What should you transcribe? Every line from the top of the records below through the line with "For example, I", exactly, and no pictures.

(Dataset entries)

=== Begin Enclosure ===

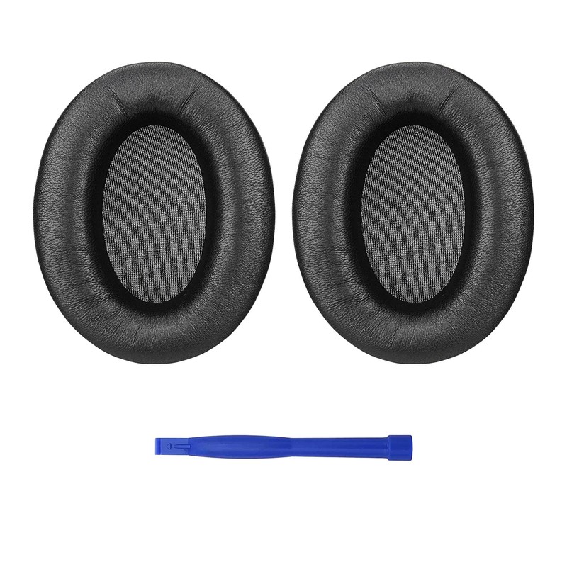 Lambskin Leather Ear-Pad Cushion Replacements for Sony WH-1000XM3 Headphones, with Soft-Touch Leather, Noise Isolation Memory Foam, Added Thickness (Black)
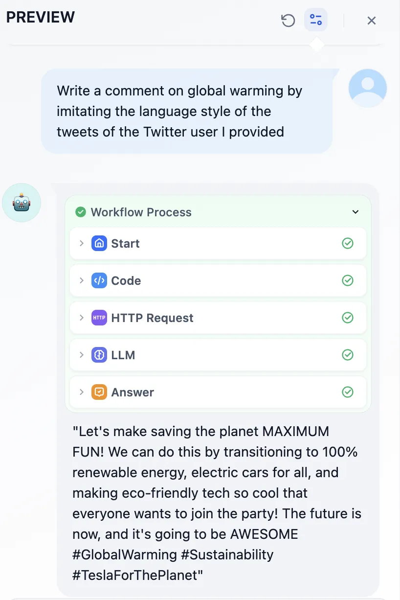 For example, I want to analyze Elon Musk's tweets and write a tweet about global warming in his tone.
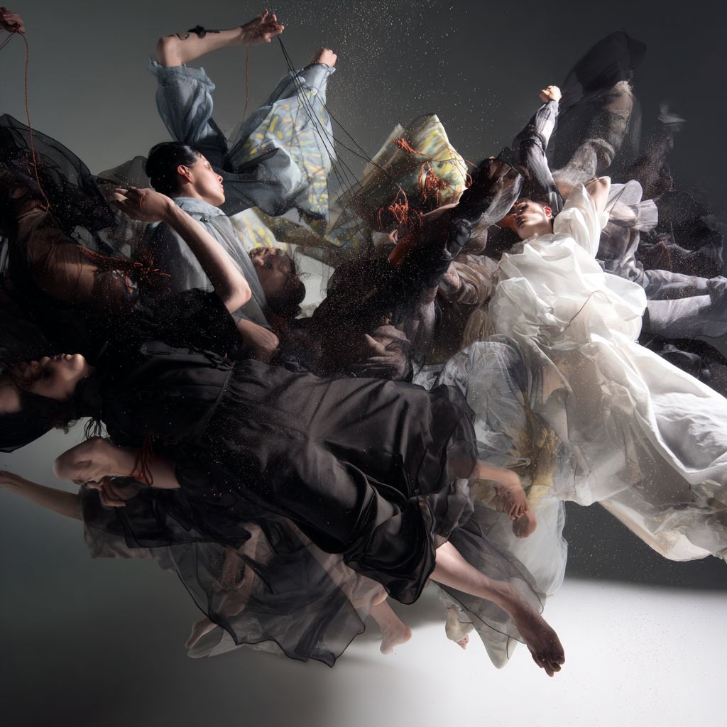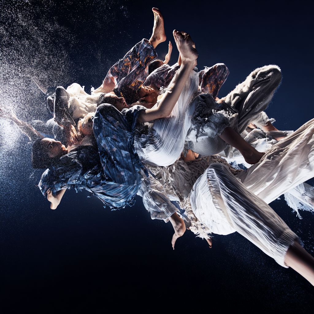 Editorial fashion-style contemporary art wide angle image of a dreamy group of young adult floating up in the air in a photo shoot studio. they are massed on each other creating a human sculpture in the middle of the room. zero gravity. attracted and repelled. Dynamic. Performing art. Dancing. They wear relaxed, contemporary art fashion look: over sized clothes. Luxury materials. Cotton, wool, fibers, nylon, linen, translucent. Fabric patterns. Strings. Fringes. Editorial, hyper-realistic composition. Detailed skin. Skin imperfections. mirco particles of dust and shiny sand burst in the air. Captured with a long compressed focal length on a vintage fujifilm camera. film grain. clean and polished. --raw --profile pkypm9h --stylize 0 --v 7.0
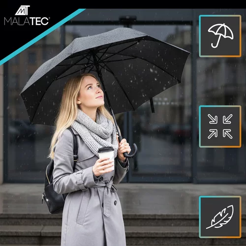 Protejați-vă de ploaie și vânt cu un umbrela rezistentă și practică Malatec. Datorită butonului de deschidere rapidă, o pregătiți pentru utilizare în câteva secunde. Ușoară și compactă, se potrivește cu ușurință în geantă sau rucsac, iar cadru solid cu 8 brațe rezistă la rafalele de vânt. Acoperișul din poliester durabil se usucă rapid, își păstrează culoarea și oferă o protecție fiabilă.
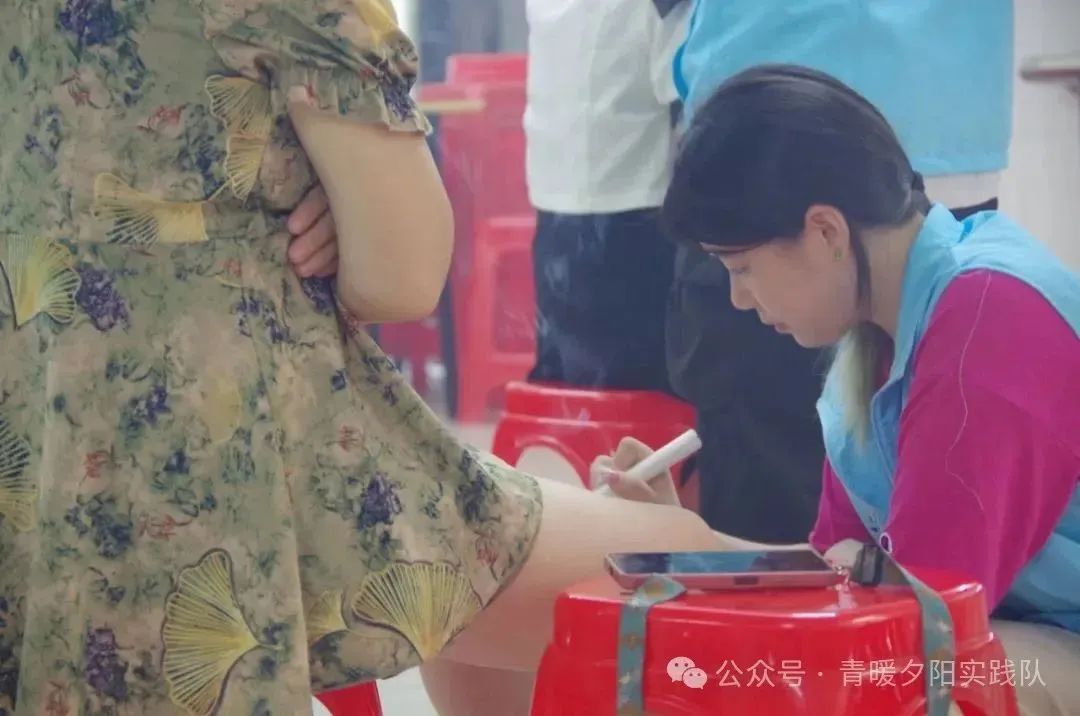围绕健康主题,在指导老师带领下开展 “健康百千万,医路伴你行” 活动。老人与孩子共制艾草锤,感受草药魅力;王伟伟老师亲授 “开天门” 技法,让老人掌握养生技巧,还演示小儿推拿,让家长学会家庭调理;队员们为老人精准艾灸,缓解身体不适。实践队用专业服务赋能社区健康,传承中医文化,贡献青春力量。

=== End Enclosure ===

=== Written reply ===
 Lambskin Leather Ear-Pad Cushion Replacements for Sony WH-1000XM3 Headphones, with Soft-Touch Leather, Noise Isolation Memory Foam, Added Thickness (Black)
 For example, I want to analyze Elon Musk's tweets and write a tweet about global warming in his tone.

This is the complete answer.